Cloud-scale analytics depends on Microsoft Purview to register enterprise data sources, classify them, ensure data quality, and offer secure, self-service access.
Microsoft Purview is a tenant based service and can communicate with each data landing zone by creating a Managed Virtual Network deployed to the region of your data landing zones. You can deploy Azure Managed Virtual Network Integration Runtimes (IR) within Microsoft Purview Managed Virtual Networks in any available Microsoft Purview region. From there, the managed virtual network IR can use private endpoints to securely connect to and scan the supported data sources. For more information, see Use Managed virtual network with your Microsoft Purview account. Creating a Managed virtual network IR within Managed Virtual Network ensures that data integration process is isolated and secure.
When using Azure Databricks, we recommend using Azure Databricks Unity Catalog in addition to Microsoft Purview. Azure Databricks Unity Catalog provides centralized access control, auditing, lineage, and data discovery capabilities across Databricks workspaces. For best practices for setting up Unity Catalog, see Unity Catalog best practices.
Note
Although this documentation focuses primarily on using Microsoft Purview for governance, enterprises might have invested in other products, such as Alation, Okera, or Collibra. These solutions are subscription based and we would recommend deploying them to the data management landing zone. Be aware that some custom integration might be required.
Data discovery
Data discovery reflects the state of all the data that the enterprise owns. This data is known as the data estate. During data discovery, the data estate is scanned and classified. The data scanning process connects directly to the data source according to a set schedule.
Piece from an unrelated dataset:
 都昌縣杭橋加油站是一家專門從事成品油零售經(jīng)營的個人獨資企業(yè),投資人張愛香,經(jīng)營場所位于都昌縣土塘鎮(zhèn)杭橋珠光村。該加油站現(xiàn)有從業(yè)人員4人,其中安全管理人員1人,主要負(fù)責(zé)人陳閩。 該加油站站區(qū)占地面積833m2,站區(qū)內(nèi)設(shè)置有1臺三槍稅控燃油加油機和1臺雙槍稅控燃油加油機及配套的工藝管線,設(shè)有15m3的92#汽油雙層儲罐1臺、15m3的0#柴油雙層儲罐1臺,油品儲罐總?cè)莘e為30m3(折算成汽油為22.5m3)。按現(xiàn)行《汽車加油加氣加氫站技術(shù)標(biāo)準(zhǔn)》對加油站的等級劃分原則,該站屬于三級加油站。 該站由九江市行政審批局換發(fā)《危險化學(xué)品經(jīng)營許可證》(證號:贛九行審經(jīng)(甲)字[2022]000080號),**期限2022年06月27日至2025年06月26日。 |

As you add a new data landing zone to the environment, the associated data lakes and polyglot persistence sources must be registered as sources for the data catalog crawlers to scan.
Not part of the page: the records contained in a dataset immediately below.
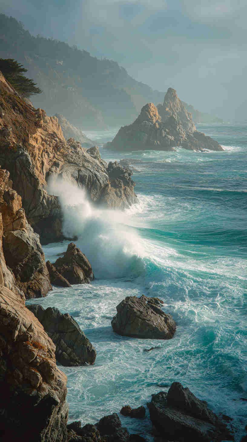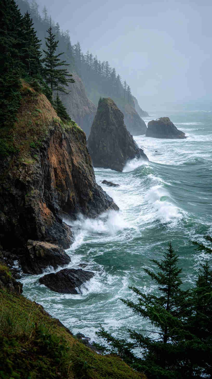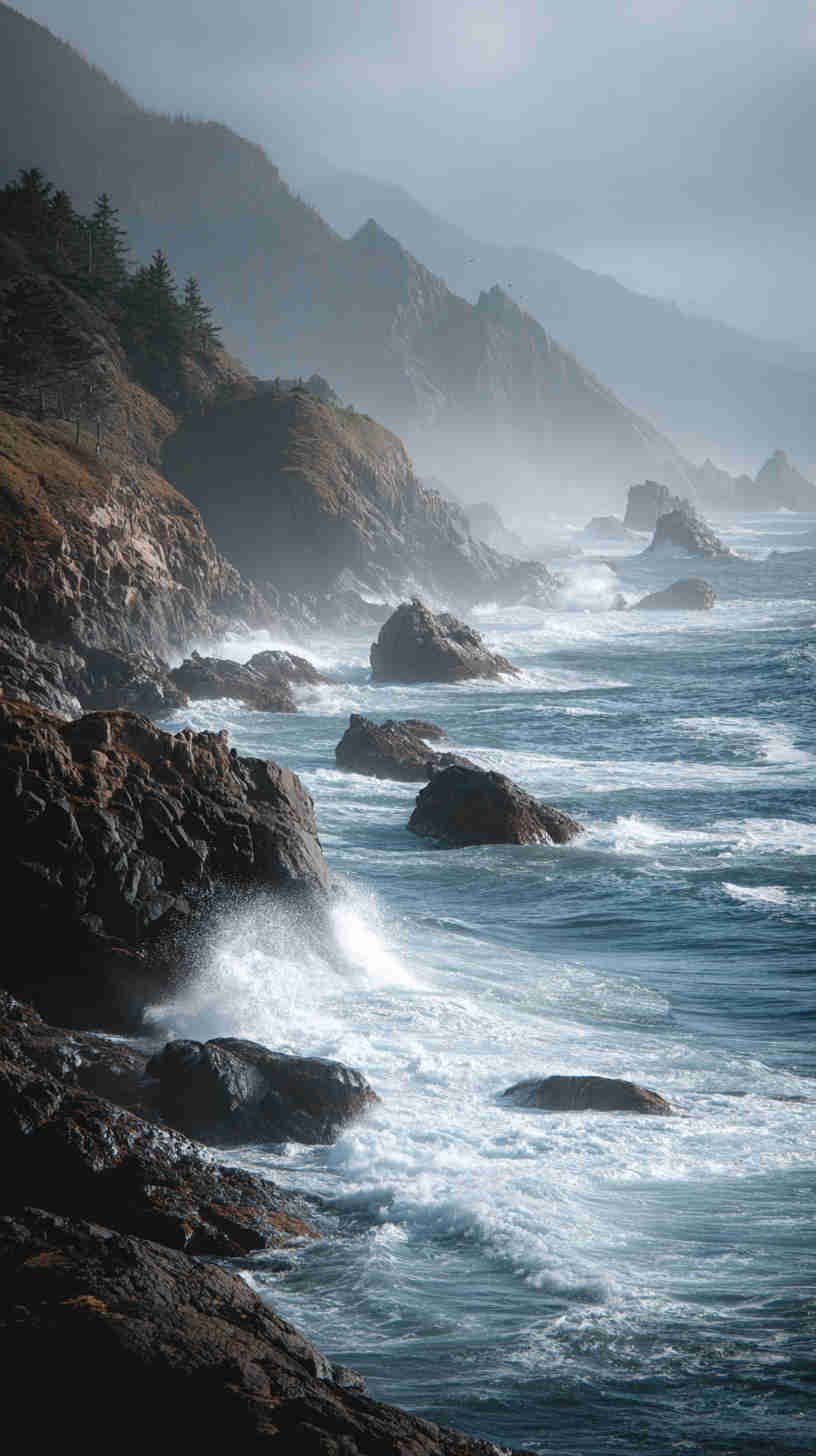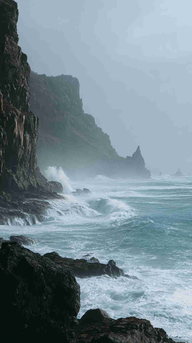 - Moody coastal drama — misty headlands, soft rain on still water, distant fog banks dissolving into sky.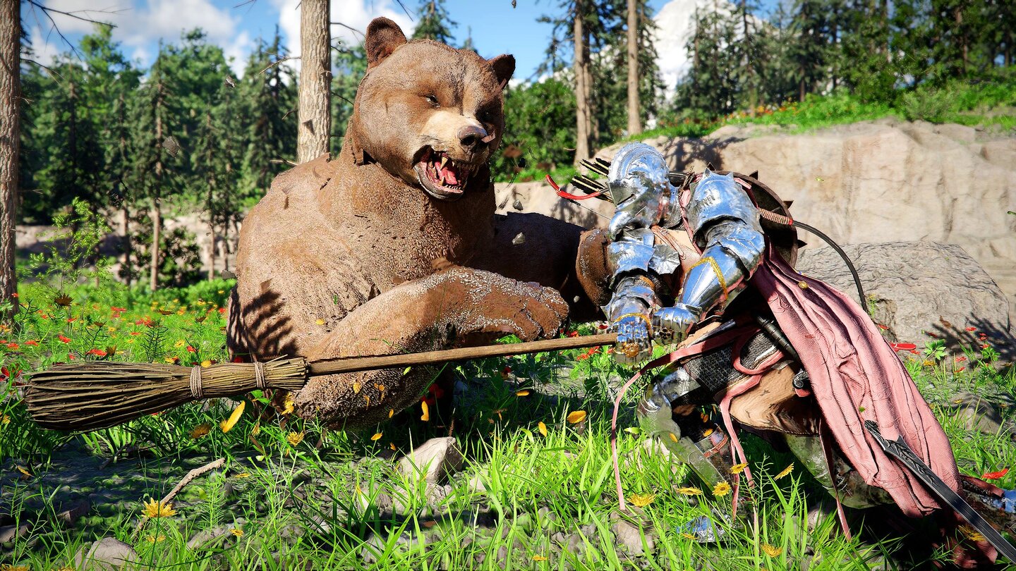 Läuft gerade Crimson Desert: Wir besiegen einen Bär, und zwar mit einem Besen!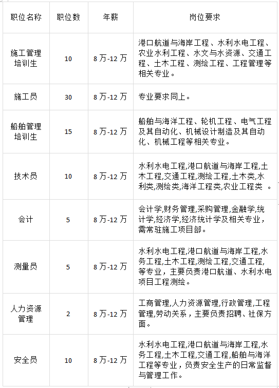 招聘:施工管理培訓生、施工員、船舶管理培訓生、船員、會計、人事專員等人員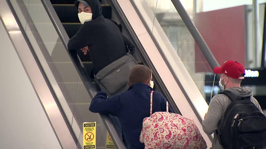 Travelers with masks seen at Tampa International Airport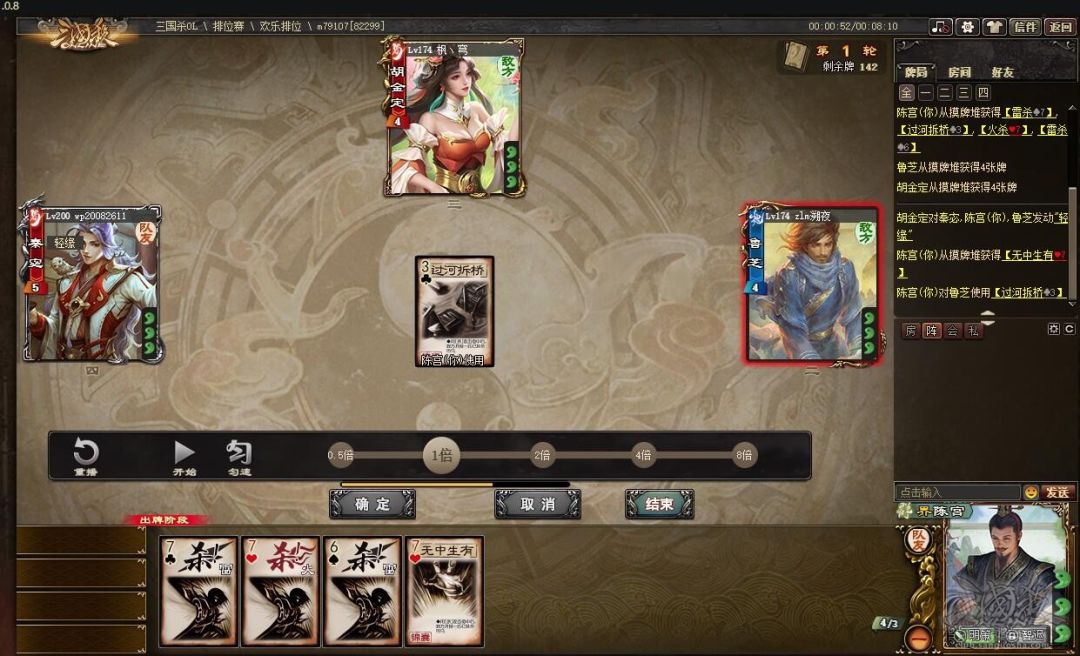 本局为22排位模式,对面是本赛季很厉害的胡金定。本方武将是界陈宫和秦宓,有一定的配合,开局手里杀比较多,但是没有距离。

With automated discovery of your data estate to populate the catalog, you can:
- Crawl metadata from Azure and on-premises data sources
- Scan your data lakes, blobs, and other supported targets
- Extract schema from your data targets for XML, TSV, CSV, PSV, SSV, JSON, Parquet, Avro, and ORC file types
- Allow automated catalog updates through configurable scheduling of scans and scan rule sets
Important
When you add a new data landing zone to the environment, register the associated data lakes and polyglot storage through Azure DevOps as a source for the data catalog crawlers to scan, govern, and manage data integrity.
Data classification
Microsoft Purview allows you to apply system or custom data classifications on file, table, or column assets.
Data classifications are like subject tags. Microsoft Purview marks and identifies the content of specific data types found within your data estate during scanning. You use sensitivity labels to identify the categories of classification types within your organizational data. You can also use sensitivity labels to group the policies you wish to apply to each category. Microsoft Purview makes use of the same sensitive information types as Microsoft 365, allowing you to extend your existing security policies and protections across your entire content and data estate.
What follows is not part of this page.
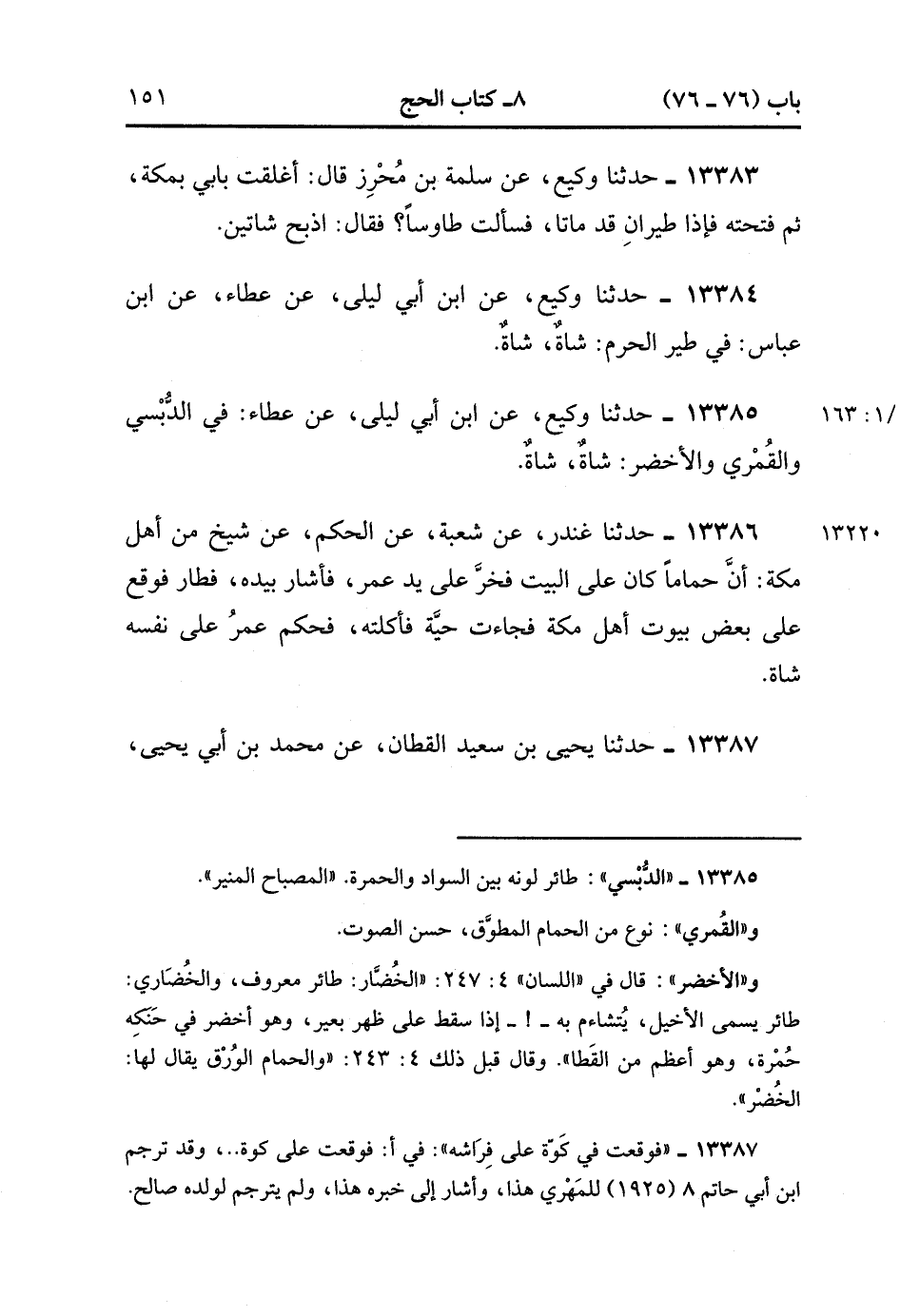 13387- حدَّثَنَا يَحْيَى بْنُ سَعِيدٍ الْقَطَّانُ ، عَنْ مُحَمَّدِ بْنِ أَبِي يَحْيَى ، عَنْ صَالِحِ بْنِ الْمَهْدِيِّ ، أَنَّ أَبَاهُ أَخْبَرَهُ ، قَالَ : حجَجْتُ مَعَ عُثْمَانَ فَقَدِمْنَا بِمَكَّةَ ، فَفَرَشْتُ لَهُ فِي بَيْتٍ فَرَقَدَ ، فَجَاءَتْ حَمَامَةٌ فَوَقَعَتْ فِي كُوَّةٍ عَلَى فِرَاشِهِ ، فَجَعَلَتْ تَبْحَثُ بِرِجْلَيْهَا ، فَخَشِيتُ أَنْ تَنْثُرَ عَلَى فِرَاشِهِ فَيَسْتَيْقِظَ ، فَأَطَرْتُهَا فَوَقَعَتْ فِي كُوَّةٍ أُخْرَى ، فَخَرَجَتْ حَيَّةٌ فَقَتَلَتْهَا ، فَلَمَّا اسْتَيْقَظَ عُثْمَانَ أَخْبَرْتُهُ ، فَقَالَ : أَدِّ عَنْكَ شَاةً ، فَقُلْتُ : إنَّمَا أَطَرْتُهَا مِنْ أَجْلِكَ ، قَالَ : وَعَنْي شَاةً. (4/163:1).

Microsoft Purview can scan and automatically classify documents. For example, if you have a file named multiple.docx
and it has a national ID number in its content, Microsoft Purview adds a classification such as EU National Identification Number
in the asset detail page.
Microsoft Defender for SQL is a feature available for Azure SQL Database, Azure SQL Managed Instance, and Azure Synapse Analytics. It includes functionality for discovering and classifying sensitive data, surfacing and mitigating potential database vulnerabilities, and detecting anomalous activities that could indicate a threat to your database. Microsoft Defender for SQL provides a single goto location for enabling and managing these capabilities.